Twickenham Junction Rough: HISTORY
Address:
Twickenham Junction Rough is located between London Road, Twickenham, TW1 1AA and Marsh Farm Lane.

 

This area has recently been opened up to the public after the land was passed to the council by local developers, St James. The pathway between Marsh Farm Lane and Twickenham Station is now open allowing people to walk through woodland and rough grassland, rather than the streets.  More details are available on Richmond Borough Councils website, including opening hours.

Twickenham Junction Rough and Heatham House 

In 1848 the London and South West Railways Windsor Line was constructed, the land that now forms the Junction Rough was once leased to the Pouparts as farmland. 
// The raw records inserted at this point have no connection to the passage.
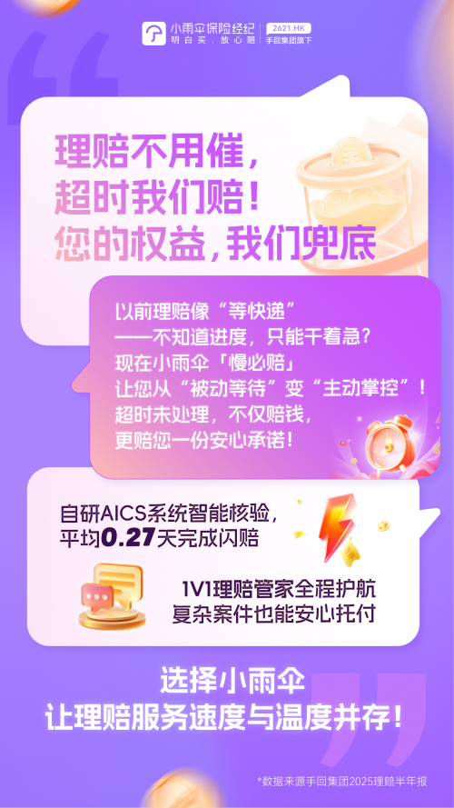 10月30日,手回集团旗下小雨伞保险经纪与手回保险代理(原“创信保险销售”更名中)正式推出理赔服务“慢必赔”,这是继“闪赔”“1V1理赔管家”之后,集团在理赔服务领域的又一次重大升级。从“闪赔”到“慢必赔”,手回集团正通过科技赋能与服务创新,构建“用户可感知、行业可对标”的服务体系,推动旗下子公司从“保险销售平台”向“保险服务生态”转型。
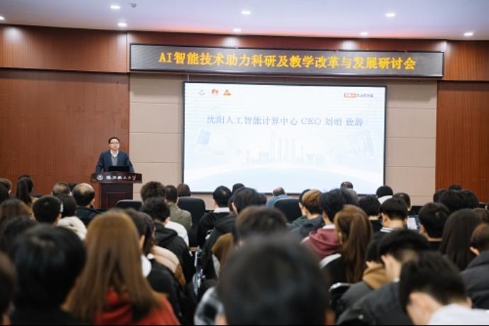 沈阳人工智能计算中心CEO刘明发表嘉宾致辞,他表示计算中心通过引入前沿的技术和体系化的课程赋能省内各大高校进行科研创新,并期待与beat365英国官方网站深度合作,携手共同探索人工智能+教育的未来之路。
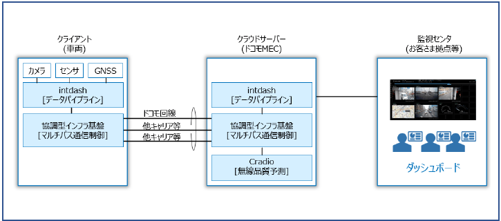 車両等のデバイスで収集したカメラ映像やセンサデータ、通信状況情報を集約し、複数のデータをリアルタイムで遠隔監視システムに連携(intdash※4を活用)
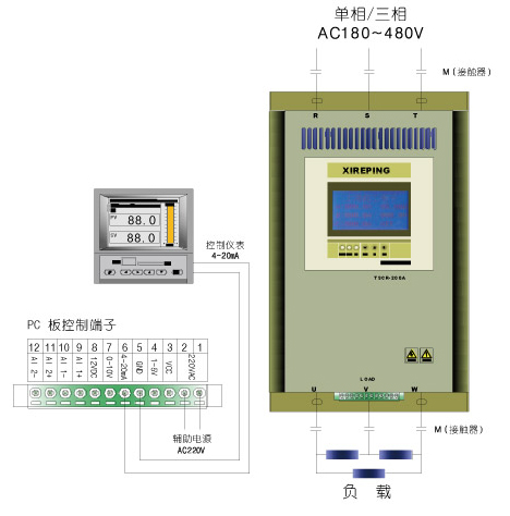 YW--移相控制: 适用于一般电阻式发热丝,远红外线及一般感性负载如变压器负载。

Heatham House and Cole Park 

Heatham House is on the north bank of the River Crane, at the junction of London Road and Whitton Road. It has a history linked from the 18th to the 20th century to the Cole family. The Cole brewery had stood just upstream of this site since the early 17th Century. Moses Glover’s map of 1635 identifies the site of “Mr Thomas Coole, Brewer”. In 1892 the brewery site was leased to Brandon’s. Brewery Lane still runs off London Road and down the side of the Post Office site. The house was purchased by Middlesex County Council in 1944 for £8000 and since the 1950’s has been a youth centre.  More history is availablw on Heatham House.

The bridge over the River Crane by the junction of Whitton Road and London Road was named Cole’s Bridge after the family who owned a brewery, Cole Park Road runs along the River Crane.